Re: Fwd: Steam Deck OLED 6.8.2 nau8821-max fails
From: Cristian Ciocaltea
Date: Tue Apr 09 2024 - 07:24:52 EST
On 4/9/24 1:57 PM, Daniel Martin wrote:
> The manual patches were worked from the Steam Deck kernel, trial &
> error with partial support in 6.6 at the time.
> 6.8 sources where this has been implemented recently were not yet
> available or in linux-next.
> Suffice to say the code matches up almost perfectly apart from the
> enum issues which are thus being discussed.
> I still go back to the point, apart from the Steam Deck, who else is
> using this named topology file?
> I don't think anyone is, therefore the enum numbering should match the
> current Steam Deck kernel implementation & topology file.
The entries of enum be_id cannot be changed in mainline without breaking
devices which are not part of the Steam Deck family.

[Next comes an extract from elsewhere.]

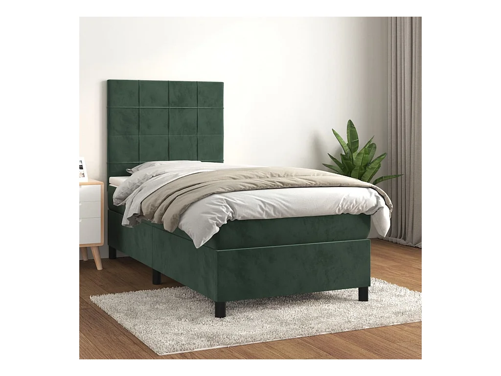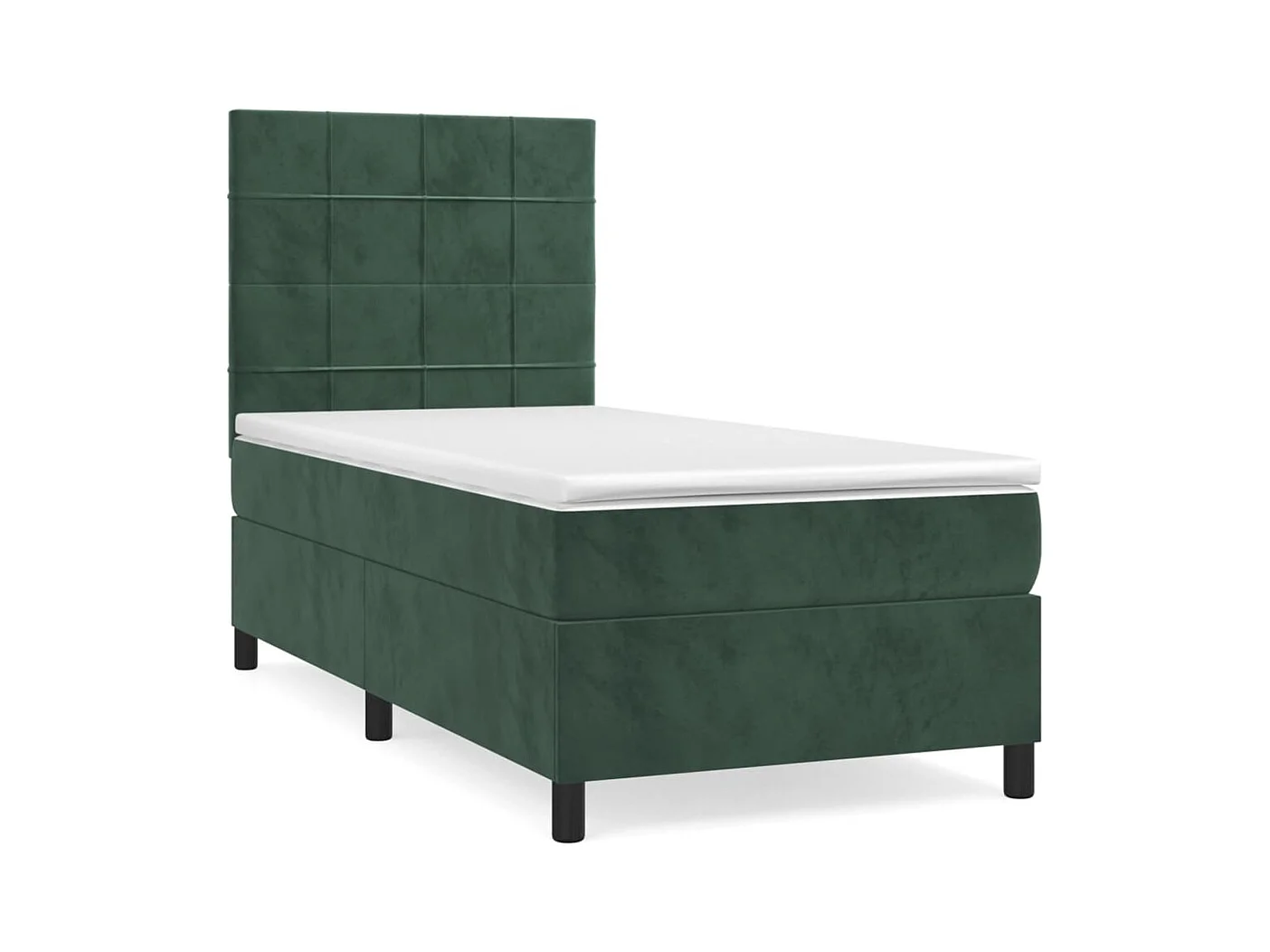 Cama box spring con colchón terciopelo verde oscuro 90x190 cm ES847088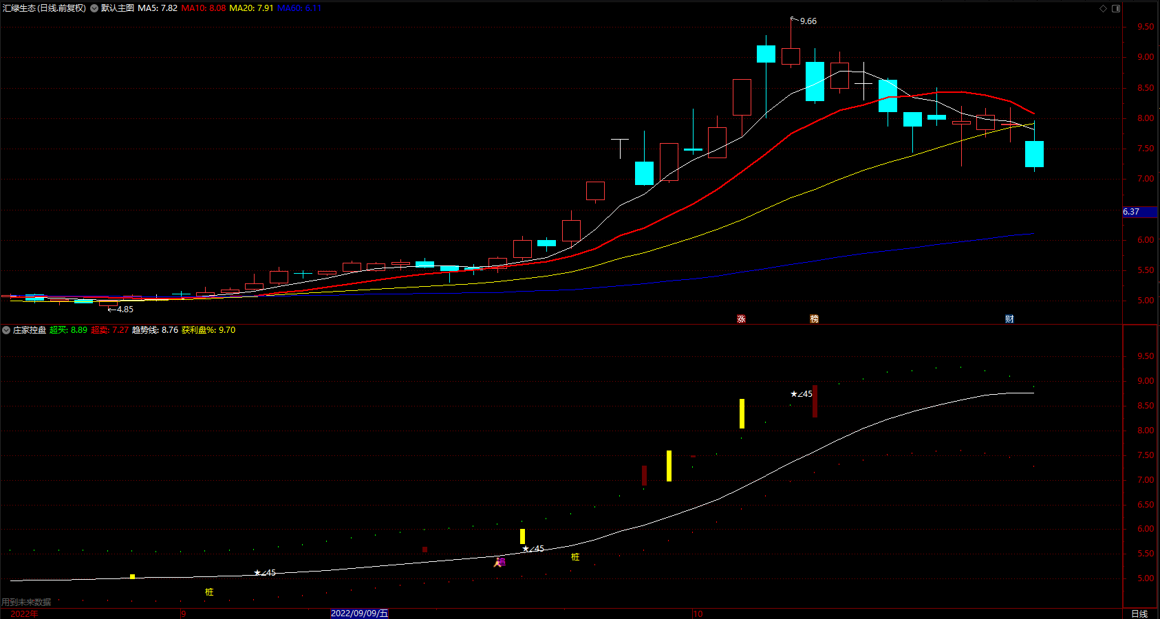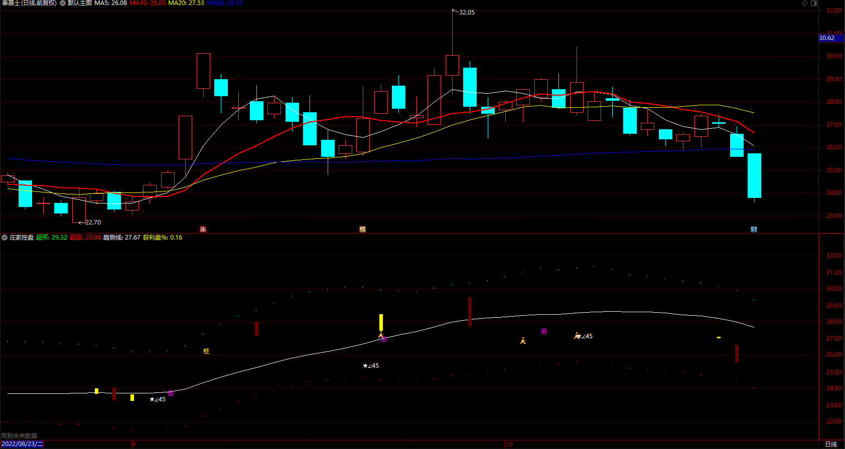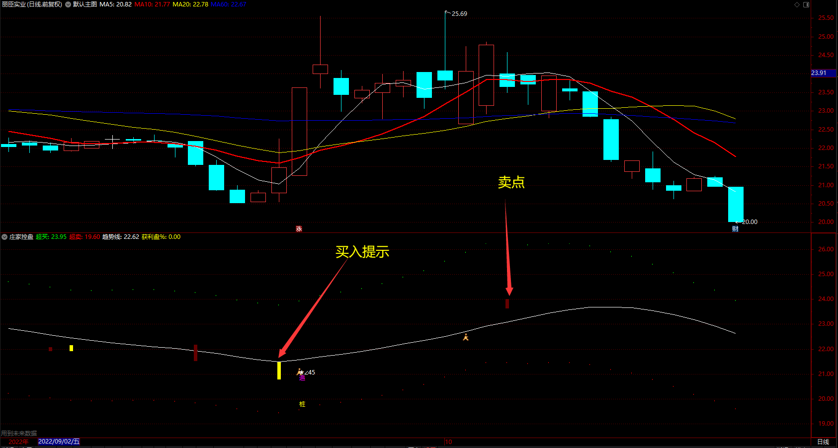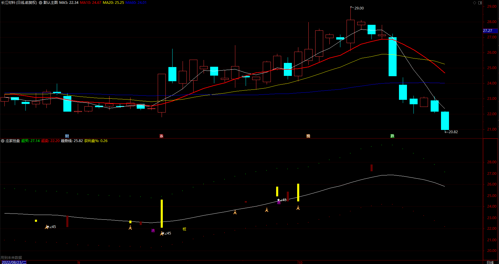 庄家控盘超买超卖 通达信趋势线追涨提示指标 副图 源码

I do not have additional details other than the information provided by
AMD in the context of the initial patch submission:
https://lore.kernel.org/all/a3357e1f-f354-4d4b-9751-6b2182dceea6@xxxxxxx/
>
> On Tue, 9 Apr 2024 at 19:55, Cristian Ciocaltea
> <cristian.ciocaltea@xxxxxxxxxxxxx> wrote:
>>
>> On 4/9/24 12:19 PM, Linux regression tracking (Thorsten Leemhuis) wrote:
>>> On 09.04.24 10:47, Cristian Ciocaltea wrote:
>>>> On 4/9/24 11:04 AM, Linux regression tracking (Thorsten Leemhuis) wrote:
>>>>> On 09.04.24 09:42, Cristian Ciocaltea wrote:
>>>>>> On 4/9/24 7:44 AM, Linux regression tracking (Thorsten Leemhuis) wrote:
>>>>>>> On 09.04.24 01:44, Cristian Ciocaltea wrote:
>>>>>>>> On 4/7/24 10:47 AM, Linux regression tracking (Thorsten Leemhuis) wrote:
>>>>>>>>> On 06.04.24 15:08, Bagas Sanjaya wrote:
>>>>>>>>>> On Bugzilla, Daniel <dmanlfc@xxxxxxxxx> reported topology regression
>>>>>>>>>> on Steam Deck OLED [1]. He wrote:
>>>>>>>>
>>>>>>>>>>> I'm adding this here, I hope it's the correct place.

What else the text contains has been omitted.